September 23, 2014: Ayesha Ramachandran

From Theatre to Atlas: Cartography as Performance

 In the sixteenth century, collections of maps were frequently described as “theatres of the world”—the first world atlas, compiled by Abraham Ortelius, is called Theatrum orbis terrarum (1570). But by the end of the century, the term had been replaced by a new one: “atlas,” named after Gerhard Mercator’s 1595 Atlas or cosmographic meditations. This talk traces the conceptual shift—in cartographic practice and in the mapmaker’s identity as an author—signaled by the turn from theatre to atlas. But rather than suggesting a movement away from the underlying theatrical metaphor, I argue that the conception of the mapbook as an “atlas” marks a deeper embrace of cartography itself as performance.
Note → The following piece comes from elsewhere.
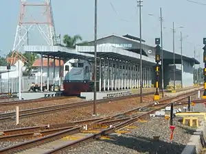 Jatibarang Station has five railway lines. Initially, line 2 was a straight line,[5] but since the construction of the Telagasari–Cirebon double-track line in 2004–2007,[6] the existing line 2 is only used as a straight line towards Cirebon, while line 3 is used as a straight line towards Cikampek. The station building which is a legacy of the Staatsspoorwegen is maintained. In the past, there was an rail siding leading to the Sriwidjaja Fertilizer Warehouse.[5]
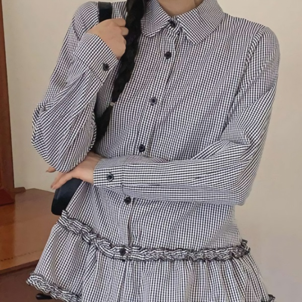여성 봄 오버핏 프릴 카라 긴팔 셔츠

Mercator’s Atlas identifies the image of the world with a muscular man on its famous title page. But why does a human body become the symbol for a cartographic portrait of the world? What does this conjunction tell us about the literary history of the world atlas as a textual form? Drawing on recent work in the history of cartography and the notion of text as performance, I suggest that mapmaking in the early modern period drew on emerging notions of theatrical space and textual performance even as it influenced the imagination of early modern drama.

 

Ayesha Ramachandran received her BA from Smith College (2001) and her PhD in Renaissance Studies from Yale University (2008). Her research and teaching focus on the literature and culture of the sixteenth and seventeenth centuries, primarily on Europe’s relations with an expanding world. She has just completed a book-length study, “The World-Makers: Global Imagining in Early Modern Europe,” which explores the reshaping of the concept “world” and its implications for theories of modernity across a range of disciplines. She has published articles on Spenser, Lucretius, Tasso, Petrarch, Montaigne and on postcolonial drama. She was awarded a Junior Fellowship at the Harvard Society of Fellows in 2007.